What is a Consistent Estimator?
Given an unknown $\theta$ and a sequence of estimators $\hat{\theta}_1, \hat{\theta}_2, \hat{\theta}_3, \dots $, we say that the sequence is consistent if the probability of getting an estimate that is “far away” from $\theta$ tends to $0$ as $n \to \infty$.
Formally, we first choose an “error tolerance” $\varepsilon>0$, representing what we mean for an estimator to have “gone wrong”. That is, we think of $\hat{\theta}_n$ and $\theta$ as being “far apart” if $ | \hat{\theta}_n - \theta | \gt \varepsilon$.

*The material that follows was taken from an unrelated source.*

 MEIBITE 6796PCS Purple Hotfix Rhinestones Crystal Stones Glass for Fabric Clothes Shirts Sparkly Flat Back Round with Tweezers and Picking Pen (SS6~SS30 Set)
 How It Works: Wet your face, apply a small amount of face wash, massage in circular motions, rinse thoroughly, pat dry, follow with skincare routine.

Then we require that the probability of this event $| \hat{\theta}_n - \theta | \gt \varepsilon$ tends to $0$ as $ n \to \infty $:
$$\forall \varepsilon \gt 0, \ \ \lim_{n \to \infty} \mathbb{P}(| \hat{\theta}_n - \theta | \gt \varepsilon) = 0 $$
Intuitively, having more data makes the possibility of estimation “going wrong” increasingly unlikely.

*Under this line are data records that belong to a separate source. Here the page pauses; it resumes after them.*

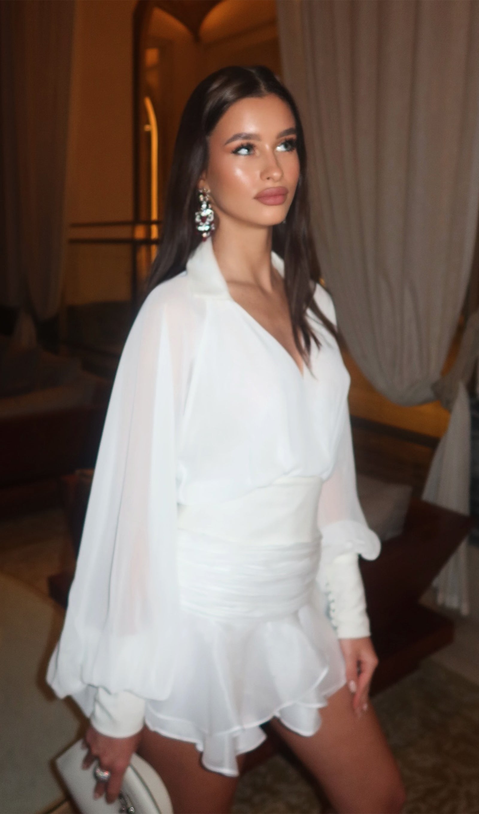 - Dramatic Lantern Sleeves: Adds volume and elegance, creating a striking yet sophisticated silhouette.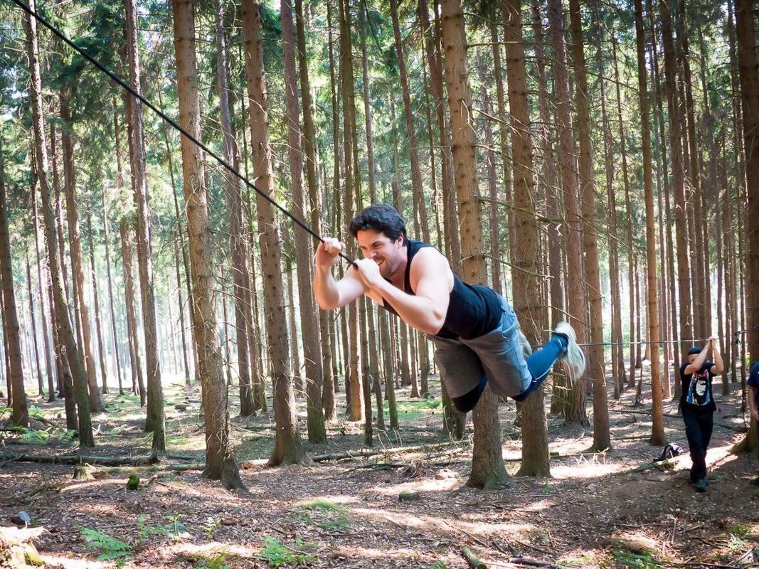 Selbstgebaute Seilquerung zwischen Bäumen wird überquert
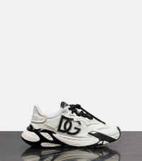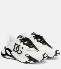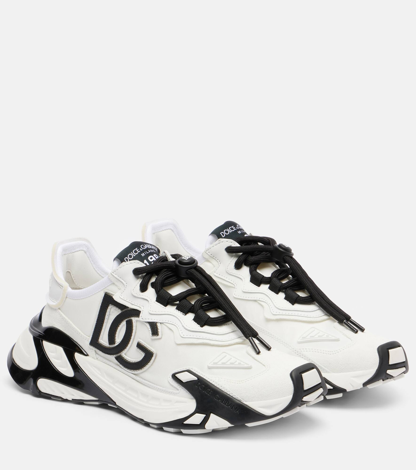 Sicilian culture is at the heart of Dolce&Gabbana's aesthetic, which attributes most of its bold styles to its Italian heritage. The Day Faster sneakers feature suede trims, signature DG logo detailing, and modern chunky soles. Product Details - Upper: leather (suede), fabric - Lining: leather, fabric - Sole: fabric insole, rubber sole - Toe shape: round toe - Made in Italy - Includes: shoe box - Designer color name: Bianco/Bianco - Item color: white, black - Closure: lace-up - Item number: P01075342 Size & Fit - True to size - European sizes - 3,5cm-1.5" platform (size EU 38) - 6cm-2.5" wedge heel (size EU 38)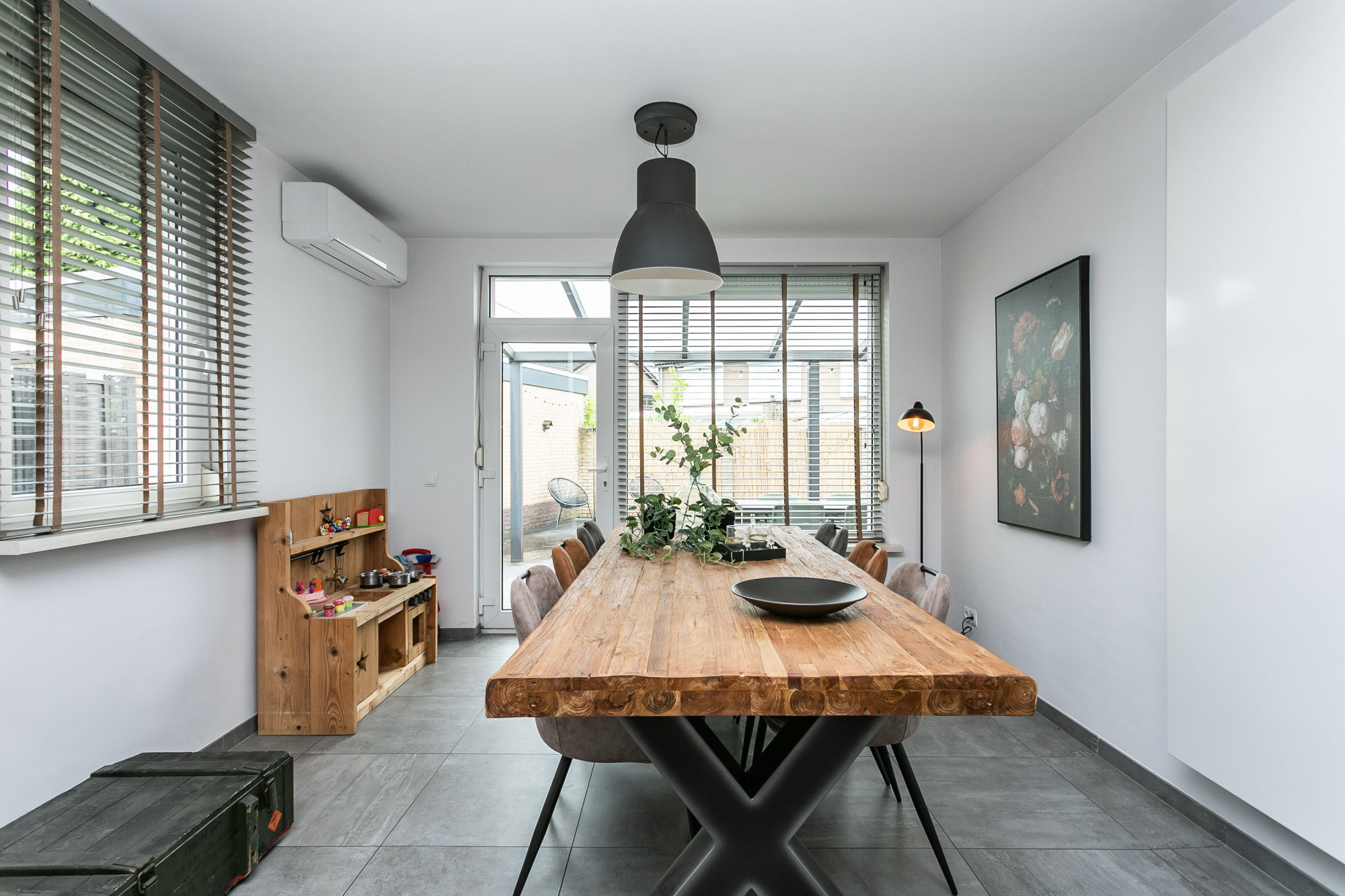 In de aanbouw gelegen tuinkamer met veel lichtinval door de grote raampartijen, waar geplaatst een eethoek en airconditioningsinstallatie. Via een loopdeur is er direct toegang tot het overdekte terras.

For example, consider the series of sample means:
$$ \bar{Y}_1 = \frac{Y_1}{1}, \ \ \bar{Y}_2 = \frac{Y_1+Y_2}{2}, \ \ \bar{Y}_3 = \frac{Y_1+Y_2+Y_3}{3}, \ \ \dots $$
Then this sequence is consistent for the population mean $\mu=\mathbb{E}(Y_i)$ as the sample size $n \to \infty$.

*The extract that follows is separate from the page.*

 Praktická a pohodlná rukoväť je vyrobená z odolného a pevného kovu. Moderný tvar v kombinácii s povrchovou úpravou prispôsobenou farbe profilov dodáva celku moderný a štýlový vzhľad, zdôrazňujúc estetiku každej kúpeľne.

Defining $\operatorname{Bias}_{\theta}(\hat{\theta})=\mathbb{E}(\hat{\theta})-\theta$, a sequence $\hat{\theta}_n$ is automatically consistent if both the bias and the variance tend to 0 as $n \to \infty$.
However, the converse is not true; there are estimators such that as $n$ increases they are increasingly likely not to “go wrong”, but when they do so this happens in an increasingly catastrophic way, meaning that the bias and/or variance do not vanish overall.
Consistency is the same as convergence in probability to the constant $\theta$:
$$ \hat{\theta}_n \overset{p}{\longrightarrow} \theta \ \text{ as } \ n \to \infty$$